Opposition cautiously embraces Mujuru


Former vice president Joice Mujuru

ZIMBABWE’S opposition parties have cautiously embraced the registration of the Zimbabwe People First (ZPF) led by former vice president Joice Mujuru, as a fully-fledged political party.
The registration brings to an end months of speculation over Mujuru’s political ambitions after she was kicked out of ZANU-PF in December 2014.
ZPF’s entry onto the political landscape means that voters would be spoilt for choice, come the high-stakes 2018 general elections.
The ruling ZANU-PF party, the Movement for Democratic Change led by Morgan Tsvangirai, the splinter MDC formation led by Welshman Ncube, the People’s Democratic Party led by Tendai Biti, ZAPU led by Dumiso Dabengwa and the Renewal Democrats of Zimbabwe led by Elton Mangoma, as well as a host of other shadowy parties will be contesting the ballot in 2018.
Given the proliferation of opposition parties ahead of the next general elections, the interest is on what new course of action will ZPF offer.

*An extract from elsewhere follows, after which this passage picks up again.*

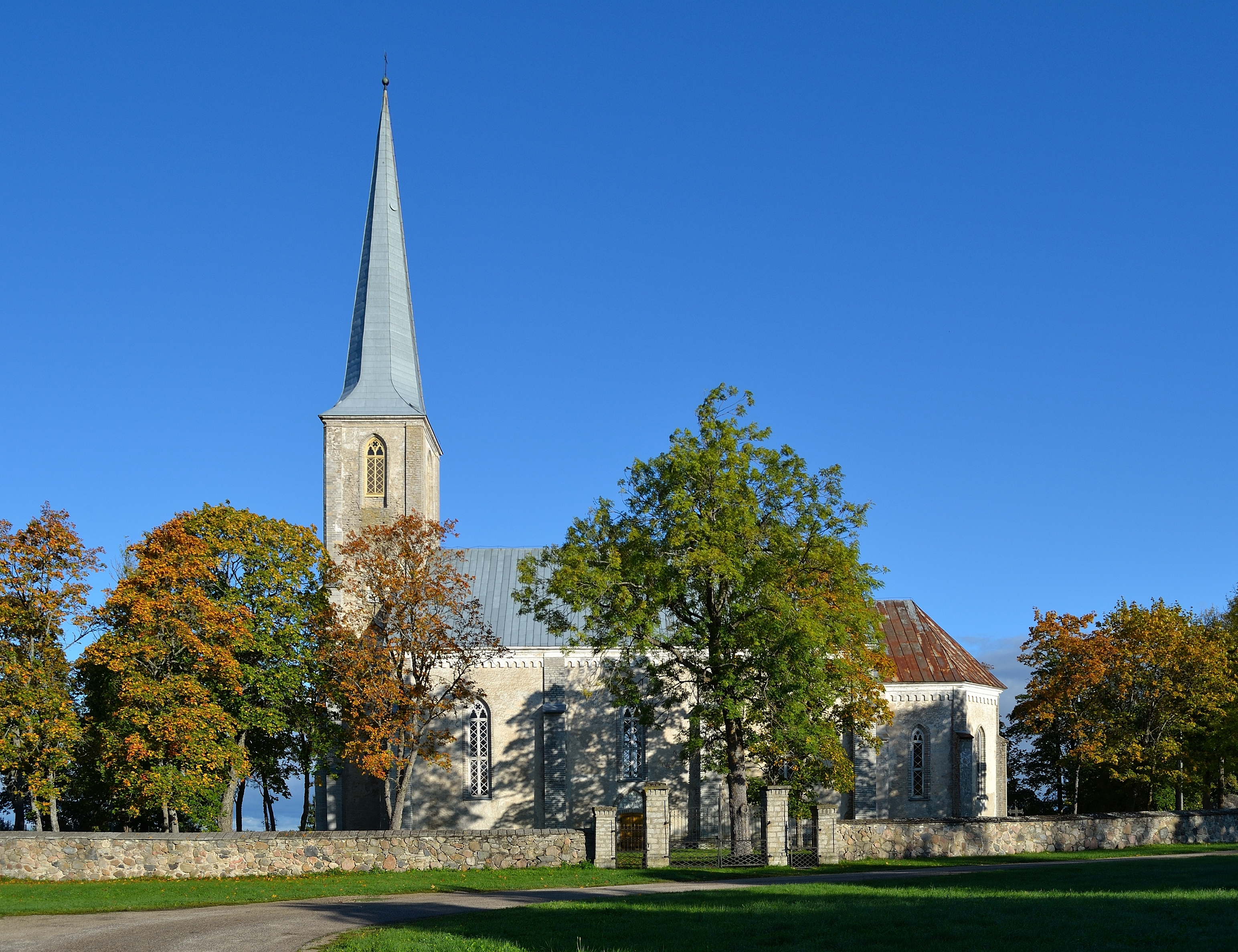 Nissi church, 1873 This photograph was taken with a Nikon D3100

Although it is still early days to determine that, in its favour is its potential threat to both the ruling ZANU-PF and the opposition parties at large.

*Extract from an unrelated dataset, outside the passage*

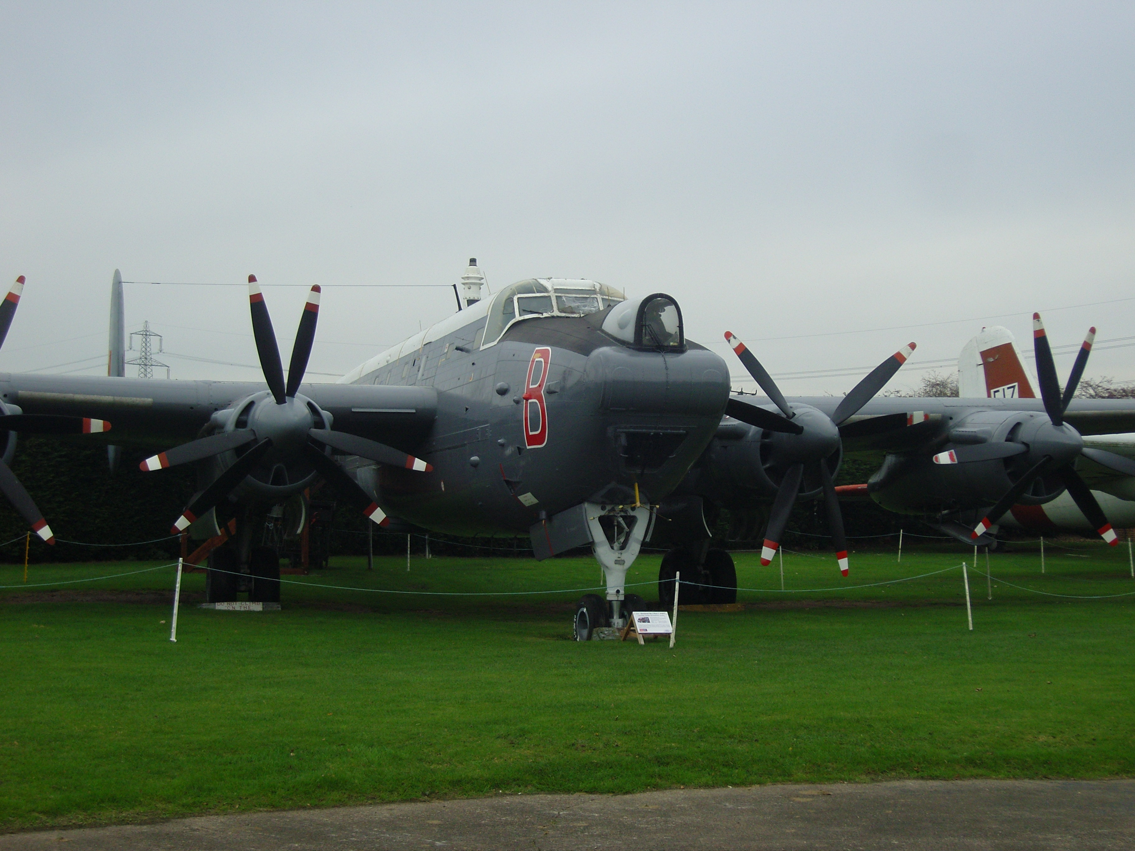 Photographed at Newark Air Museum, Winthorpe Airfield, Nottinghamshire, England. Vintage, Veteran and Preserved Aircraft

Never seen before public ructions are presently rocking ZANU-PF, which has made the revolutionary party appear a pale shadow of its former self in the eyes of the public, as the scramble to succeed President Robert Mugabe intensifies.
The opposition parties, meanwhile, face their own cocktail of challenges, which include infighting and loss of confidence from supporters who are increasingly becoming restless over the slow pace of achieving some political change.
Opposition parties canvassed this week by the Financial Gazette expressed mixed feelings over the entry of the Mujuru-led party into the already congested political space.
MDC-T spokesperson, Obert Gutu, said his party was on the side of those willing and able to collaborate with any opposition political party, as long as their main goal was to establish a democratic and peace-loving Zimbabwe that respected and upheld the rule of law.
“We welcome the coming on board of Mujuru and her ZPF party. We sincerely hope and trust that the former ZANU-PF politicians have genuinely repented from their past misdeeds and that they are now ready to work with other existing opposition political parties in dislodging ZANU-PF dictatorship,” said Gutu.
PDP’s Jacob Mafume welcomed Mujuru into the ranks of the opposition because the country needed more people to rescue it from the abyss it is in.
ZPF was officially registered last week with the Zimbabwe Election Commission (ZEC) and its motto is: “Tiri vavaki veZimbabwe”, which when loosely translated means: “We are builders of Zimbabwe.”
The smaller MDC formation’s spokesperson, Kurauone Chihwayi said Mujuru’s entry was of no effect and it would not waste its time in engagements with her.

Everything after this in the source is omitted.